Na minha sincera opinião, Haddad está certo. Cento e vinte milhões de reais é grana pacas, e convenhamos, carros e automobilismo são nossas paixões e desejos, mas não nossas necessidades. Seria muito melhor se essa montanha de grana fosse usada para educação, alimentação e saúde.

Ainda mais, tem essa maledeta copa do mundo na conta do município.

Mas paremos para analisar: Interlagos realmente precisa dessa reforma? Mais uma vez, respondo que não. OK, Yas Marina, Xangai e outros pelo mundo são muito mais modernos, mas Interlagos tem tudo o que é necessário, só não tem a arquitetura das galáxias e todas as luzinhas piscantes que tanto alimentam a cultura do espetáculo.

Por outro lado, temos o que realmente interessa, um traçado fantástico, cheio de curvas técnicas, subidas e descidas. Você mesmo pode conferir. Pegue um simulador de sua preferência e ande, por exemplo em Yas Marina e depois em Interlagos, não há comparação.

A velha história de que falta espaço, não convence. Interlagos tem 1 milhão de metros quadrados para colocar o que quiser lá. Quem andou pelos paddocks das 6 Horas de Interlagos pode ver que couberam lá os 28 carros do WEC, mais os 40 carros da Porsche Cup. Por mais que a F1 precise de espaço, são 22 carros.

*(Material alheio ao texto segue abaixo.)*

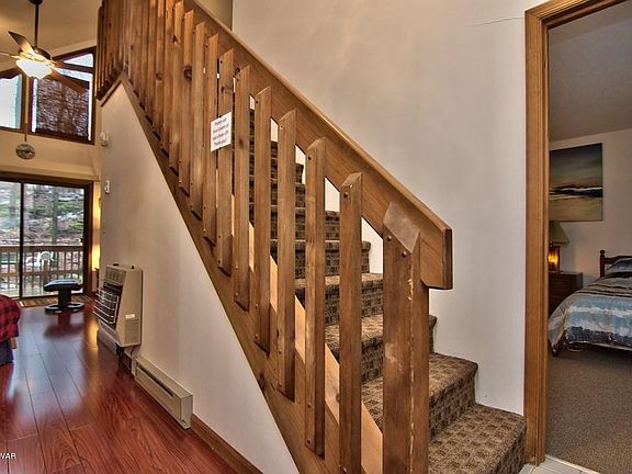 TURN KEY, ALL FURNITURE NEGOTIABLE Immaculate, spotless bright and airy contemporary with Beautiful Hardwood Floors, Fireplace, 4 seasons room with sleeper sofa, large spacious loft, private back deck that's within walking distance to the Golf Course, Lodge, Restaurant, cocktail lounge, Indoor Sports Complex, Outdoor Sports Complex, miniature golf, game room, exercise room and more. Whether you're on vacation or a primary resident you can walk to the amenities or just enjoy watching deer in your wooded backyard. Master bedroom on main level, loft area (extra sleeping area with closet)home sleeps 8 people comfortably, new appliances, bathroom on both floors. ''The home is solid with 2x6 frame construction.
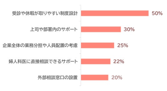 また、女性が健康課題を抱えながらキャリアを築くために必要なサポートは、「受診や休暇が取りやすい制度設計」「上司や部署内のサポート」「業務分担や人員配置の考慮」などが挙がっています。職場での女性活躍推進を目指す中で、職場環境の改善には、生理を含む女性の健康問題に対する周囲の理解が不可欠です。

Espaço para arquibancadas tem aos montes, e não venham falar que o “concreto do café” é desconfortável, quando aposto que muitos sonham em se pendurar no “barranco da água vermelha” em Spa. Isso mesmo, o tradicional circuito belga não tem nem arquibancada naquele trecho, e não me lembro de um autódromo onde se veja 80% da pista de praticamente qualquer lugar onde esteja sentado.

Um agravante é de que os novos boxes só serão usados para o circo de Bernie. Peraí! Por quê? Se o autódromo é terreno público e, além do mais, o que farão de tão mal assim as outras categorias? Ficar martelando as paredes? Aí vejo razão no discurso de Flávio Gomes: “O GP do Brasil pertence à TV Globo, que comprou a International Promotions, empresa que organizava a corrida. Assim, a Globo que construa seus boxes novos, e que cuide deles.”

A Concorrência

Projeto do Autódromo de Deodoro no RJ

Projeto do Autódromo de Deodoro no RJ

Além das pressões do chefão há ainda os concorrentes caseiros: Rio de Janeiro e Santa Catarina. O primeiro parece ou piada ou maldade. A prefeitura da Cidade Maravilhosa acabou de transformar em pó o belo autódromo de Jacarepaguá, que sediou as corridas de F1 nos anos 80, e era um patrimônio do automobilismo nacional. Para quê? Para fazer a Vila Olímpica. Não tinha nenhum outro lugar?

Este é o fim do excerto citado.